The exact same mathematics describe many different systems, each with
different names attached. The hemispherical rate-integrating
gyroscope is essentially a solid-wave version of Foucault’s
pendulum built out of a wine glass, as is sometimes noted by those
still working on such devices. The same thing works when
the oscillations involve light rather than elastic waves, and this is
the basis of ring laser gyroscopes. Physicists sometimes
talk about geometric phase (or Berry phase) to describe
this general type of perturbed oscillation.
I find it fascinating when these same concepts keep appearing in
different parts of the literature under different guises.
I also learned this summer that I spent many years utterly mangling
Foucault’s name.
Here are some lessons I have learned in the first days of this
semester, which I will share with you on this first day of fall.
-
If you must type while a cat is attacking your arm, use vi and not
emacs. Chorded key strokes are murder. Also, long sleeves are
helpful.
-
A collection of letters on the Kindle app on my cell phone makes a
marvelous companion in the event that I show up a early for a
colloquium. Seneca’s letters are more interesting and better
written than anything that shows up in my email, and each one takes
but a few minutes to read – about the same amount of time it takes
to debug the typical A/V problem, or possibly less.
-
Human beings are
awesome throwers.
Also, I am in awe of Indian bakers.
-
I am glad my daughter is getting old enough to appreciate Pixar
movies. We watched Ratatouille as a family this weekend, and G’s
commentary added a certain savor to the movie. Then G fell asleep,
and I savored that, too!
-
Combing curly hair is far easier with a brush than with a comb.

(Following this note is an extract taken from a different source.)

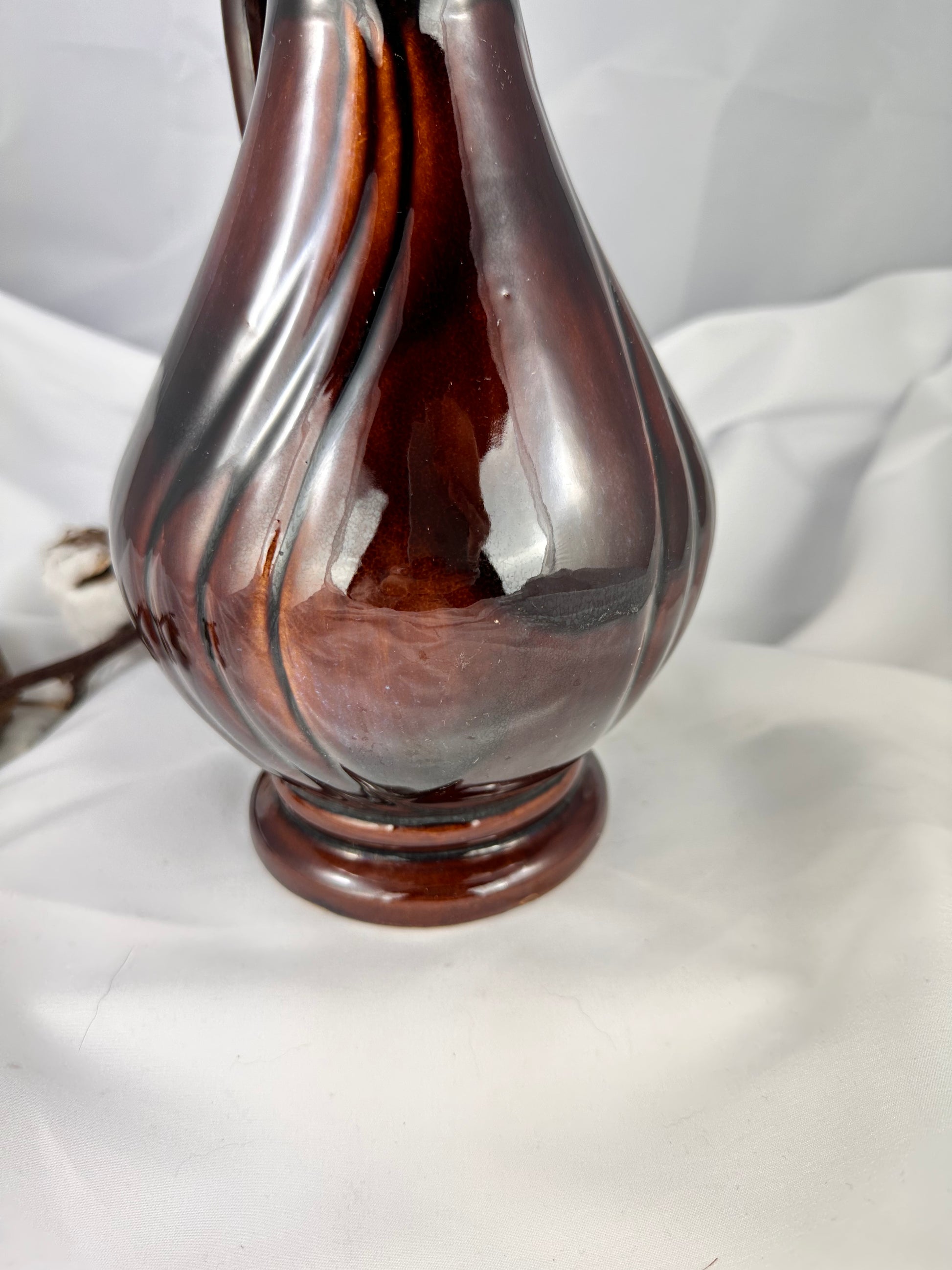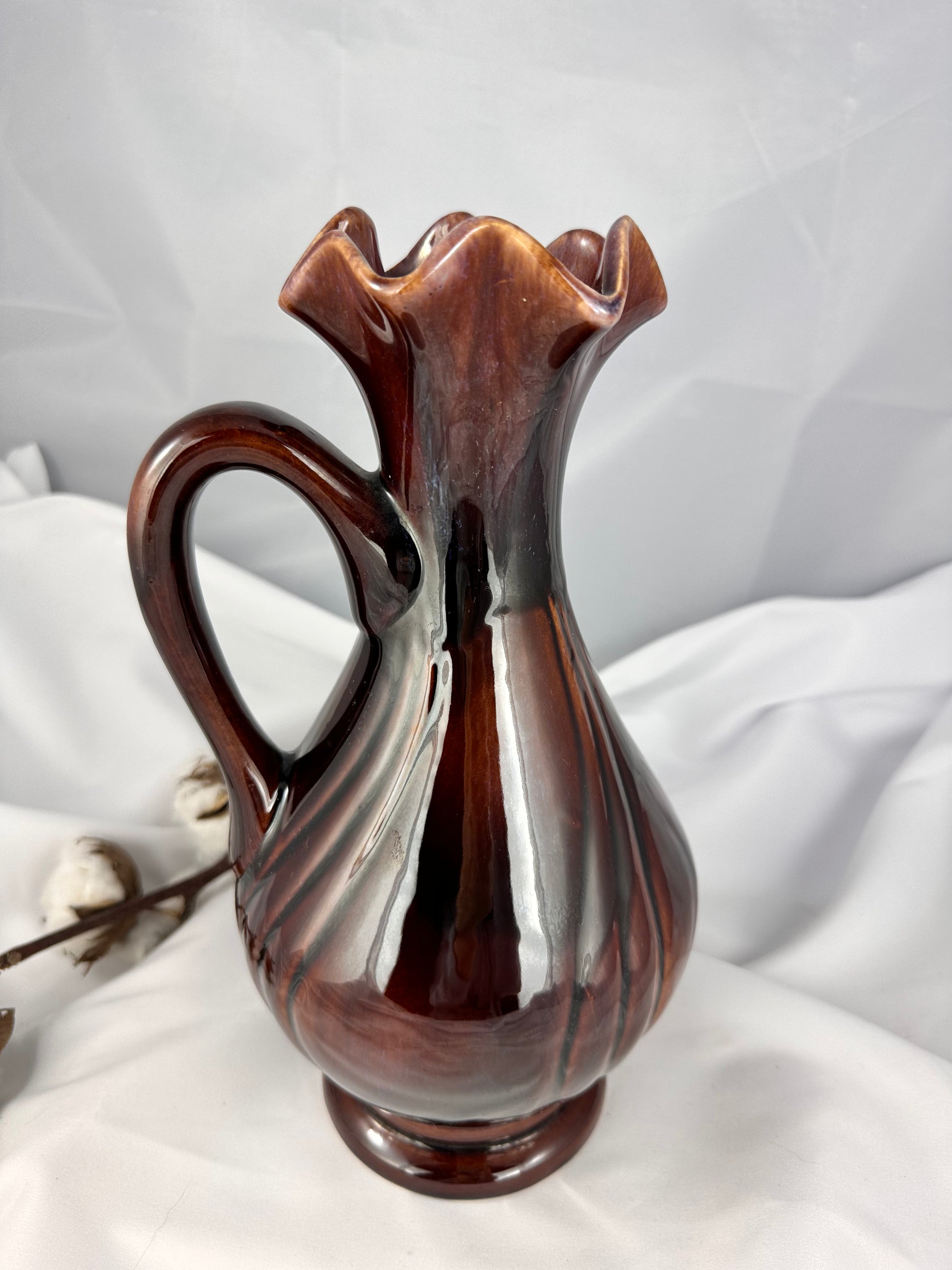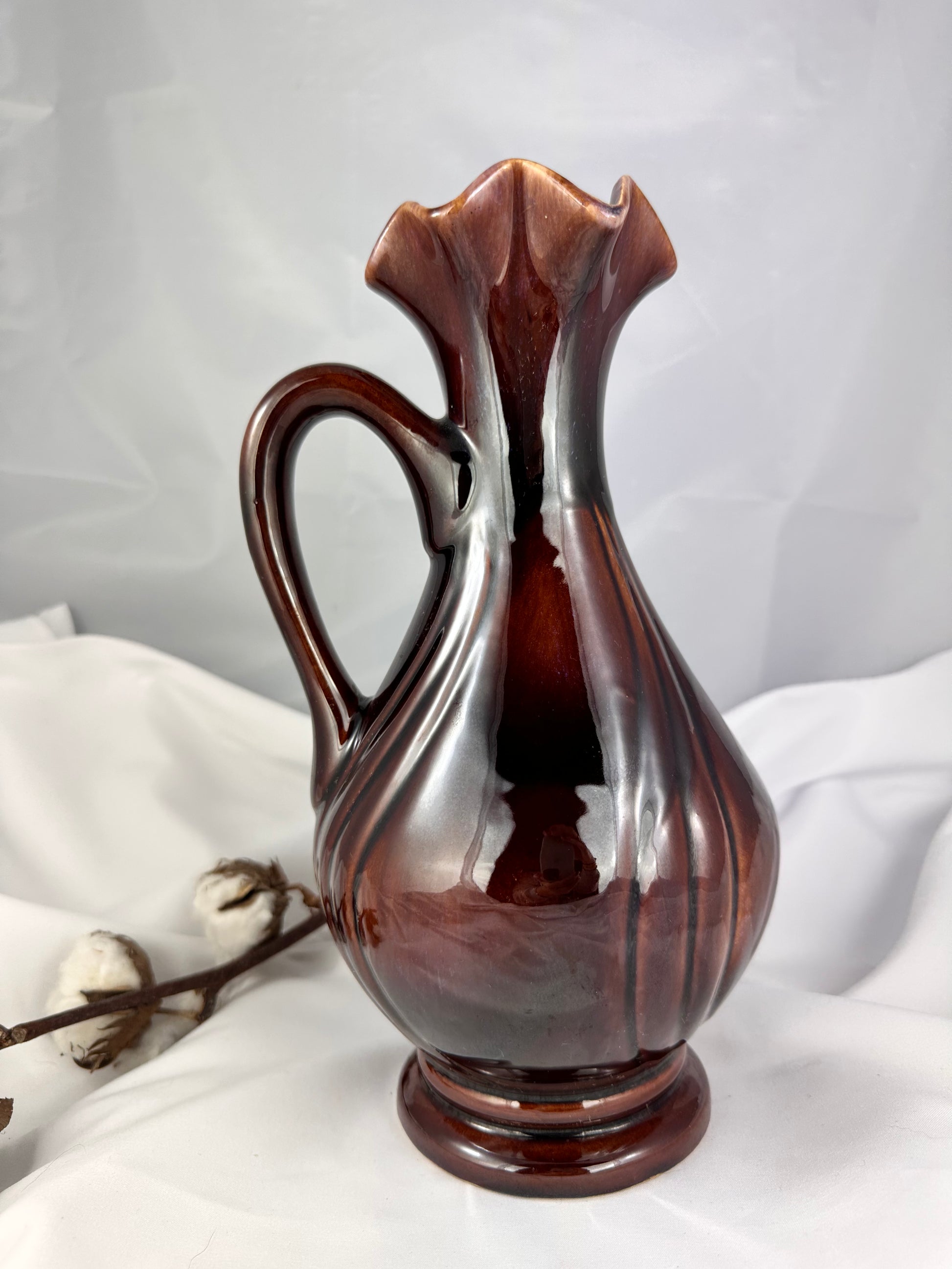 Een hele mooie vaas West Germany Bay. De vaas is Bruin geglazuurd en in een hele mooie vintage staat. Onderop zit een klein chipje maar dat is niet te zien als hij staat. De vaas heeft een handvat en een golvende bovenkant. Onderop de vaas zit het merk. De vaas komt uit de jaren 70 en is gemaakt van keramiek

Also, I need to buy some new combs, since all my combs are now
snaggle-toothed from trying to work them through G’s curls before
J asked “why are you doing it that way?”
Nick Trefethen came to
Cornell for a visit yesterday, where he gave
two talks.
In one talk, he described some
computations based on sampling analytic functions around the unit
circle; in the other, he demonstrated the Chebfun system
Chebfun. I’ve seen variants
of the latter talk before, but it was worth seeing again.
The philosophy of the talk reminds me of a line from the start of
The Wind in the Willows, in which the Water Rat tells Mole:
Believe me, my young friend, there is NOTHING – absolutely nothing –
half so much worth doing as simply messing about in boats.
Replace “boats” with “MATLAB”, and I think you have the raison
d’être for Chebfun. This is not to say that Chebfun couldn’t be
used to serious ends, but rather that it’s great fun to mess about
with it; and Trefethen conveys that sense of fun masterfully.